··· GIVEN MATERIAL ···

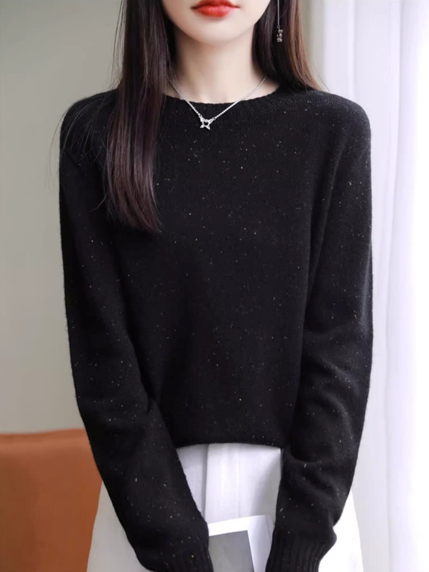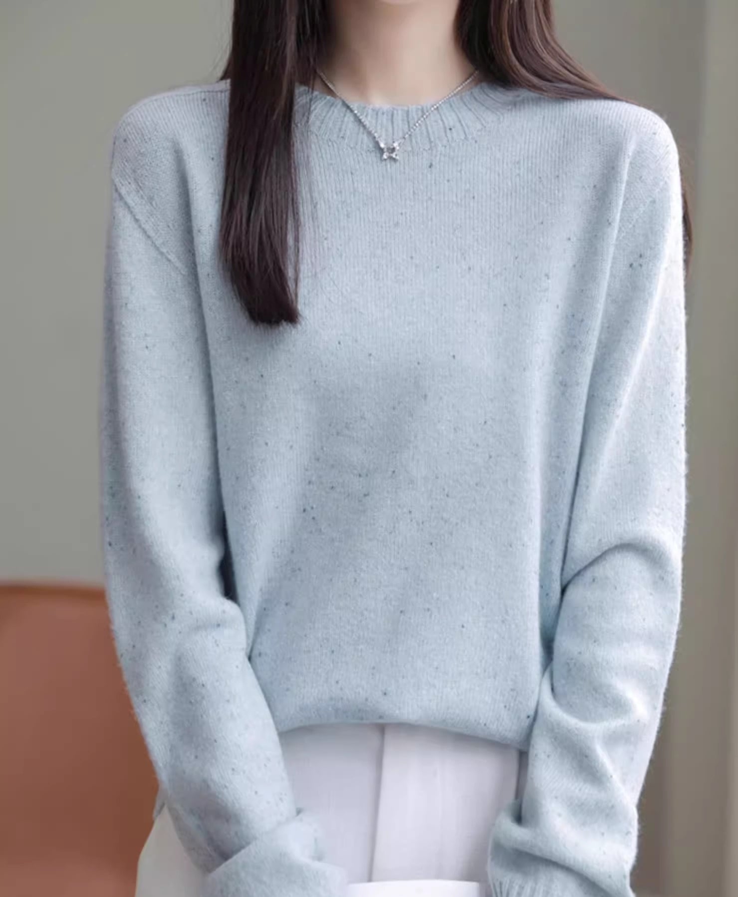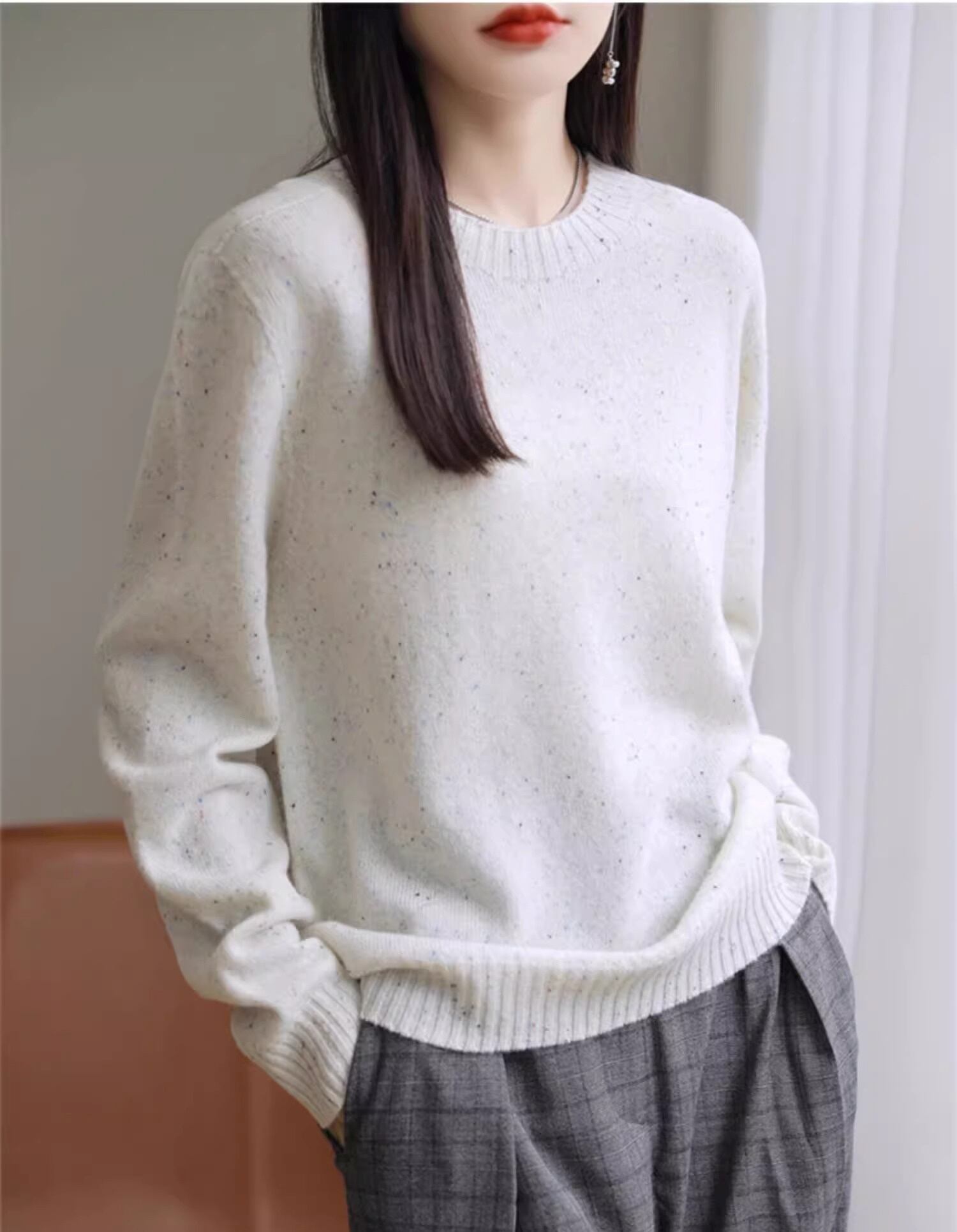 このセーターは、カジュアルにもきれいめにも合わせやすい長袖ラウンドネックプルオーバーです。
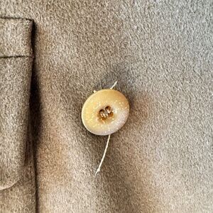 vintage 1940s pea coat in olive green wool. Very smart slim fit, double breasted, pockets at either side. This is a military coat with a rich history. Kahn Tailoring the tailor firm was a principal manufacturer of uniforms for the United States military during World War I and remained a major supplier through World War II. Following Kahn’s death in 1934, son-in-law Mortimer C. Furscott succeeded as company president and directed a steady expansion. By 1948, the business encompassed its Indianapolis factory and 12 retail stores nationwide, including a Washington, D.C., store near the White House that outfitted Mrs. Harry Truman and daughter Margaret in 1947. Over 2,000 dealers reportedly carried Kahn’s clothing by the late 1940s. This coat was likely purchased from the DC store. This coat has weight to it, it is a high quality wool and lined inside.
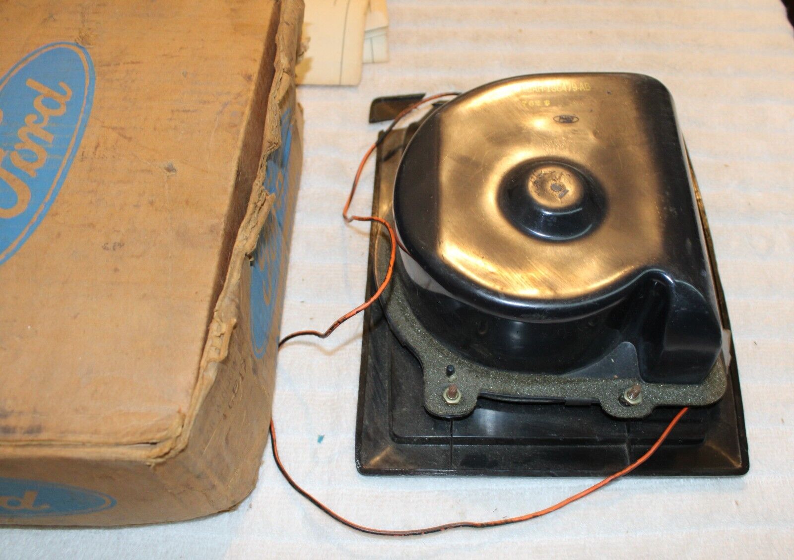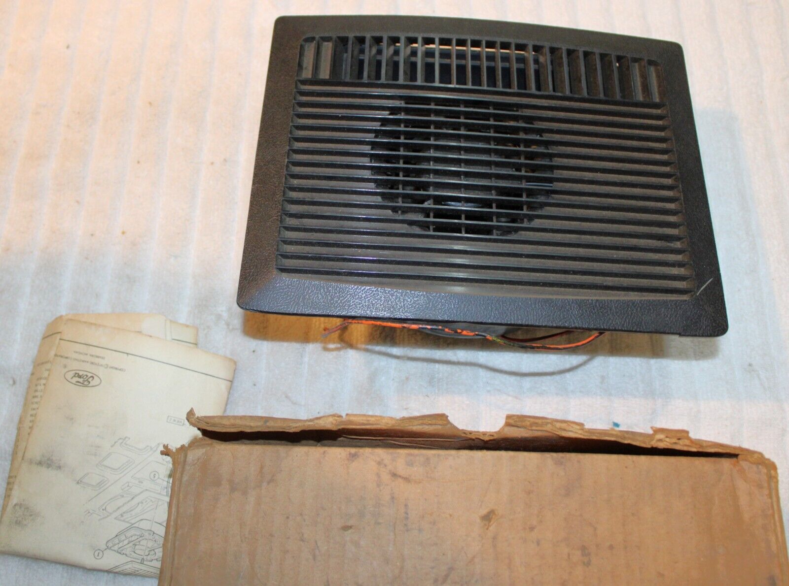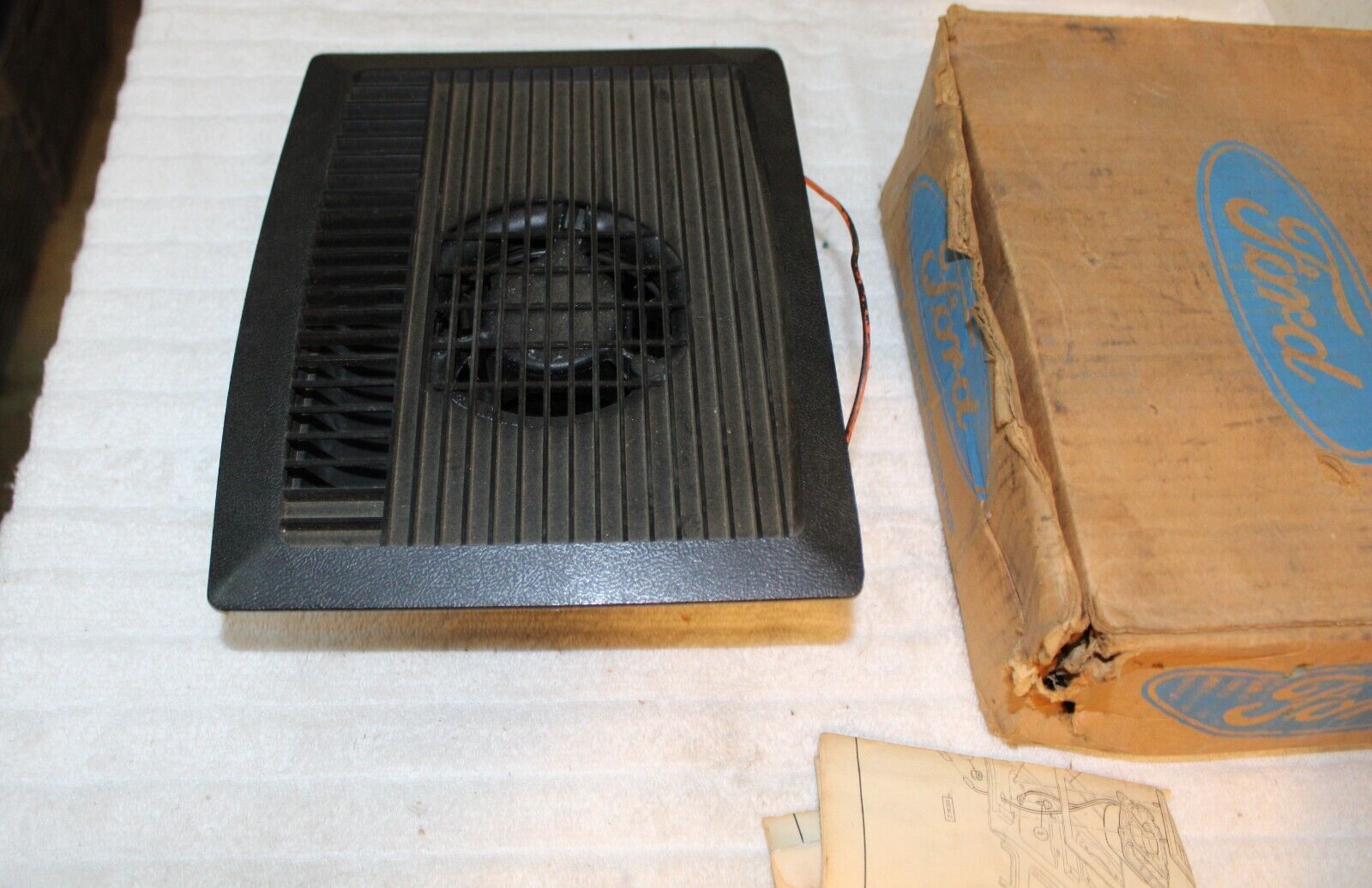 1968-1973 Ford, Mustang, Falcon, Fairlane, Torino, Galaxie, LTD, Mercury, Cougar, Comet, Montego. NEW OLD STOCK ACCESSORY REAR WINDOW DEFOGGER – DEFROSTER FAN BLOWER MOTOR With HOUSING. These are ORIGINAL FORD NOS PARTS. Brand New in the box. The trim grille has a broken corner but the piece is included so it can be glued back on and should basically be an invisible repair. This otherwise is in Excellent Condition. The blower works great. Impossible To find NOS. Please email with questions. 041124-2 WE HAVE AN EBAY STORE WITH THOUSANDS OF ORIGINAL and NOS FORD PARTS. CHECK IT OUT.

···

**EXERCISE OBJECTIVE:** Reproduce every line above as written, skipping pictures.

**OUTPUT:**
 このセーターは、カジュアルにもきれいめにも合わせやすい長袖ラウンドネックプルオーバーです。
 vintage 1940s pea coat in olive green wool. Very smart slim fit, double breasted, pockets at either side. This is a military coat with a rich history. Kahn Tailoring the tailor firm was a principal manufacturer of uniforms for the United States military during World War I and remained a major supplier through World War II. Following Kahn’s death in 1934, son-in-law Mortimer C. Furscott succeeded as company president and directed a steady expansion. By 1948, the business encompassed its Indianapolis factory and 12 retail stores nationwide, including a Washington, D.C., store near the White House that outfitted Mrs. Harry Truman and daughter Margaret in 1947. Over 2,000 dealers reportedly carried Kahn’s clothing by the late 1940s. This coat was likely purchased from the DC store. This coat has weight to it, it is a high quality wool and lined inside.
 1968-1973 Ford, Mustang, Falcon, Fairlane, Torino, Galaxie, LTD, Mercury, Cougar, Comet, Montego. NEW OLD STOCK ACCESSORY REAR WINDOW DEFOGGER – DEFROSTER FAN BLOWER MOTOR With HOUSING. These are ORIGINAL FORD NOS PARTS. Brand New in the box. The trim grille has a broken corner but the piece is included so it can be glued back on and should basically be an invisible repair. This otherwise is in Excellent Condition. The blower works great. Impossible To find NOS. Please email with questions. 041124-2 WE HAVE AN EBAY STORE WITH THOUSANDS OF ORIGINAL and NOS FORD PARTS. CHECK IT OUT.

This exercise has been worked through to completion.